▸ **DESCRIPTION OF THE TASK**: Exclude the pictures, then restate exactly each line of the data below from the first through the line containing "La suite principale".

▸ **RECORDED DATA**:
_ _ _
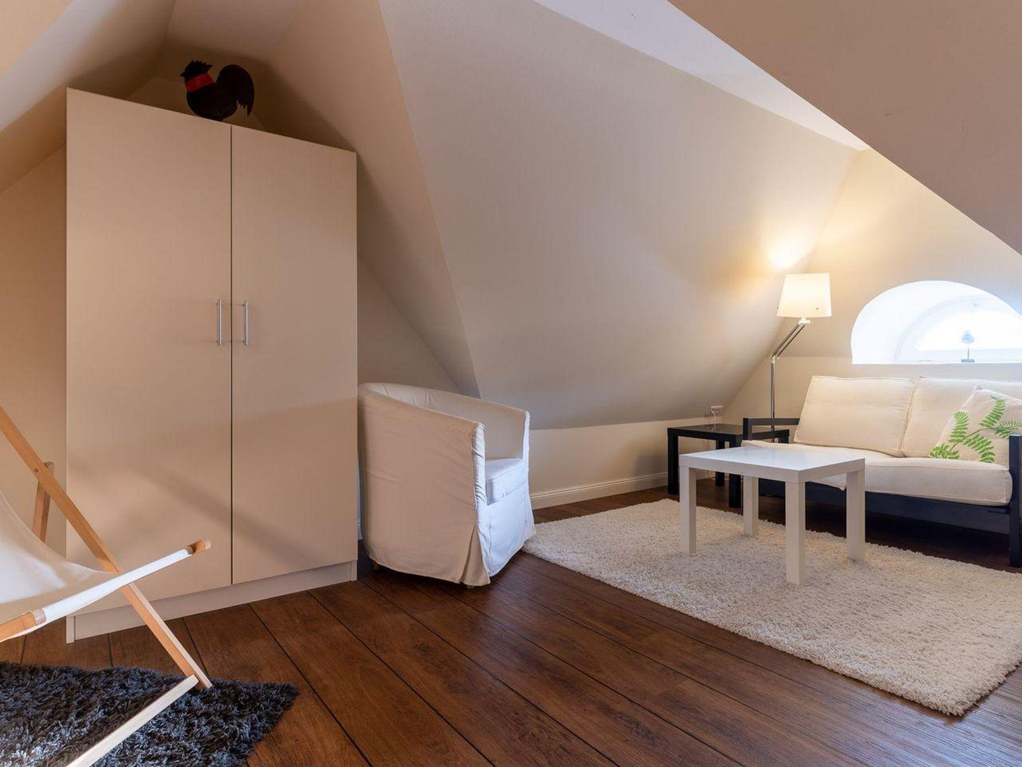 Das Apartment befindet sich im Obergeschoss und verfügt über ca. 80 m² Wohnfläche und teilt sich wie folgt auf: Auf der ersten Etage befindet sich ein großzügiger Wohnraum mit einer offenen Küche und einem gemütlichen Essbereich. Die Küche ist mit hochwertigen Geräten voll ausgestattet. Ein separates Duschbad bietet jeden Komfort. Im stilvollen Schlafzimmer mit 1,8 x 2,0 m Doppelbett können Sie herrlich entspannen. Über eine Treppe gelangen Sie in das Dachgeschoss, wo sich ein weiteres Schlafzimmer mit 2 Einzelbetten und einer gemütlichen Sitzecke sowie TV befindet. Mit viel Liebe zum Detail wurde großen Wert auf die Inneneinrichtung gelegt. Carpe Diem!
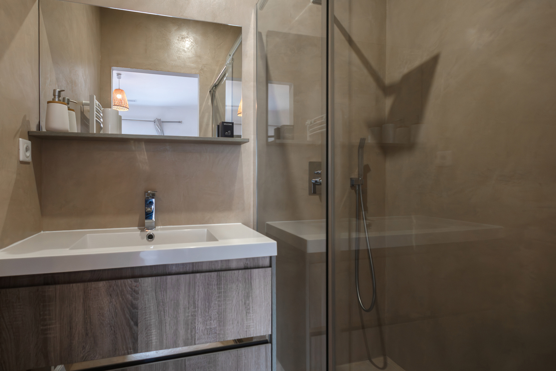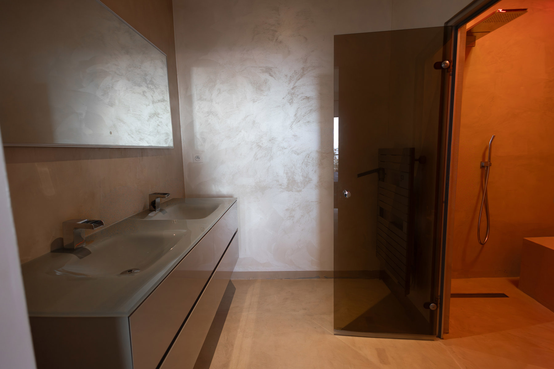 La suite principale offre un véritable espace bien-être avec sa salle de bains et son hammam.
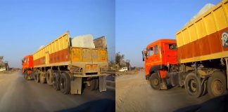 Kerala Loaded truck moving on the wrong side of the road...
_ _ _
▸ **SOLUTION**:
 Das Apartment befindet sich im Obergeschoss und verfügt über ca. 80 m² Wohnfläche und teilt sich wie folgt auf: Auf der ersten Etage befindet sich ein großzügiger Wohnraum mit einer offenen Küche und einem gemütlichen Essbereich. Die Küche ist mit hochwertigen Geräten voll ausgestattet. Ein separates Duschbad bietet jeden Komfort. Im stilvollen Schlafzimmer mit 1,8 x 2,0 m Doppelbett können Sie herrlich entspannen. Über eine Treppe gelangen Sie in das Dachgeschoss, wo sich ein weiteres Schlafzimmer mit 2 Einzelbetten und einer gemütlichen Sitzecke sowie TV befindet. Mit viel Liebe zum Detail wurde großen Wert auf die Inneneinrichtung gelegt. Carpe Diem!
 La suite principale offre un véritable espace bien-être avec sa salle de bains et son hammam.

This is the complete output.